Well, this is orthodox Mexican Catholic thinking, anyway.Which brings me to the topic: highly populated casas, coches, & camas. Thanks to extremely strict catholic sex rules and extremely lax Mexican seat belt laws, one can find 16-24 people in any small home or flat-bed pickup truck at any given time. I go to visit some of my Sanmiguelense friends and while they slip off to the bathroom, people- men, women, teens,  small children, and the elderly- begin seeping out of every nook and cranny like kitchen-counter ants.
“Ummm…. Who was that group of people that just came out of door #2?” I ask inquisitively. Seems like a logical question to me. What people, he says. “That family of 6?” I say. “Oh, probably just my brother or my cousin, Juana.” He tells me. “And the three elderly men out on the patio?” I inquire. “Es el primo y los hermanos de mi mama,” I am informed. (It’s the cousin & the brothers of my mother.)
EL COCHE
When it is time to take a trip to el mercado in Celaya, which we all know is the biggest and most ghetto-fabulous of all Guanajuato markets, anyone and everyone interested heads out to the family’s 3 cylander pickup for an adventure. “You sat by the cab window last time,” whines Tia Carla to Abuelita. Eventually, everyone is squeezed in, often with Popis, the family Terrier-Retriever-Poodle-Rot mix, and a handful of livestock. No one usually falls out along the way, due to Mexican Personal Responsability (see Stuff Mexicans Like #8), but if someone does happen to take a spill on the carretera hacia Celaya (the freeway to Celaya) or at the Pipila Glorieta (the roundabout with the Pipila monument), no te preocupes! (Don’t worry!) Everyone works together to pull Great Grandpa Pablo back to the safety of the truck bed and all cross themselves, giving thanks to La Virgencita (see Stuff Mexicans Like #2), for Seguro Popular (Mexican Free Public Health Insurance). (See Stuff Mexicans Like #6: Personal Responsability.)
I digress. Back to this Mexican Population Mentality. When my 15 year-old niece, Amanda, and I flew back to Seattle after her 6 month stay with me in Queretaro, my sister, Melodie, and younger niece picked us up at the airport. Walking to the car, Amanda and I were still in culture shock over the luxury one can encounter in the SeaTac Airport bathrooms. Things like toilet seats, locking stall doors, and soap had somehow eluded us for a great deal of time. “Oh shoot,” said my sister, looking at her four-door sedan with fatality in her eyes. “I didn’t think of all the luggage. How are all four of us going to fit in the car with three suitcases?”
Amanda and I silently turned to look at one another, then burst into laughter. “What?!?” challenged Melodie. “Actually,” ventured Manda, “I’m pretty sure this vehicle could hold at least 12 or maybe even 13 people. With luggage.” Our thinking had changed. When instructed sternly to “Get your seat belts on!”  by my sister, before even inserting the key into the ignition, Amanda and I exchanged yet another glance that said, “Do not let your mother become aware of the fact that you haven’t worn a seatbelt for 6 months.” Ni modo. (See Stuff Mexicans Like #12: Ni Modo.)
LA CASA
Some 6 months after arriving to Mexico, I found myself with two teenagers, a small dog, and no employment.
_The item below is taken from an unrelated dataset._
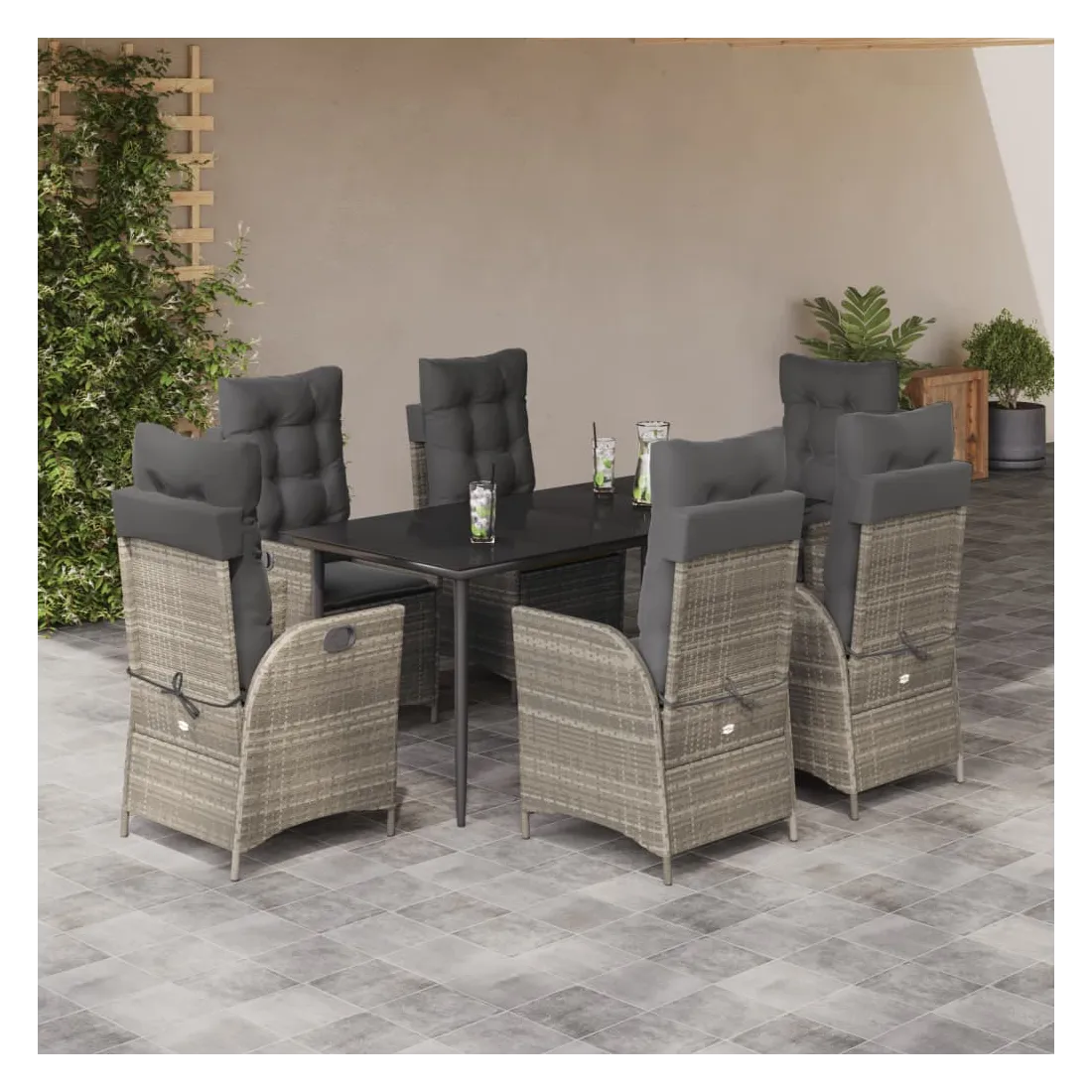 Ensemble à manger de jardin et coussins 7 pcs gris clair rotin

I reluctantly procured a large room for rent at a local frat house from UVM (Valley of Mexico University) for half of what I was paying in our spacious home. My 15 year-old niece; 13 year-old son; Mercy, the yellow Pomeranian; and I hauled our suitcases and mattresses (no bed bases) into the room with the concrete slab floor and thus began our one-room, “Night, John-Boy,” adventure. (I had to explain to the teens where “Night, John-Boy” originated. They just stared blankly.)
It was fun! At night I would turn on my cell phone flashlight and read short stories and poetry to them from my corner of the room. Though no light shone from under our bedroom door, laughter and loud English could be heard throughout the casa every night. We didn’t feel sorry for ourselves or out-of-place because all my kids’ friends in their new public junior high had the same living accommodations or worse! I did makeovers on my girl and homemade haircuts on my boy. We each dressed in the bathroom after showering. The occassional late-night mellow college party was a welcome distraction from our sparse living conditions; we all practiced our Spanish and dance skills. When we needed space, we headed out to the one of the front yard hammocks or up to the roof to bask in the sun. My now young adult babies still laugh, telling people about the time three of us and a small dog lived on floor mattresses in one frat house bedroom in central Mexico.
Whether it’s 20 to a home, 10 to a car, or 5 to a bed, Mexicans love Family and Togetherness (See Stuff Mexicans Like #1: La Familia).  Night, John-Boy!
Exhibit A:
This family is waiting for the rest of the relatives to arrive so they can leave.    
 On the way to La Placita (Tuesday Market).
Exhibit B: 
Siblings of all ages often sleep together in the same bed.
It’s always nice to snuggle & keep warm on cold nights.
       
  Grandparents are no exception!

Stuff Mexicans Like #15: Extreme Baby Bundling

2 Jun
Babies are a gift from Heaven. It is a parent’s job to protect these little bundles of joy. In Mexico, this involves more swaddling than eskimos in Antarctica. Mothers can often be seen in San Miguel de Allende waiting for the bus carrying a gigantic lump of furry blankets. As the sweat drips down Mami’s forehead, she will peek under the four layers of cotton, wool, and polyester swaddling to check on her sleeping, or half-cooked bebé.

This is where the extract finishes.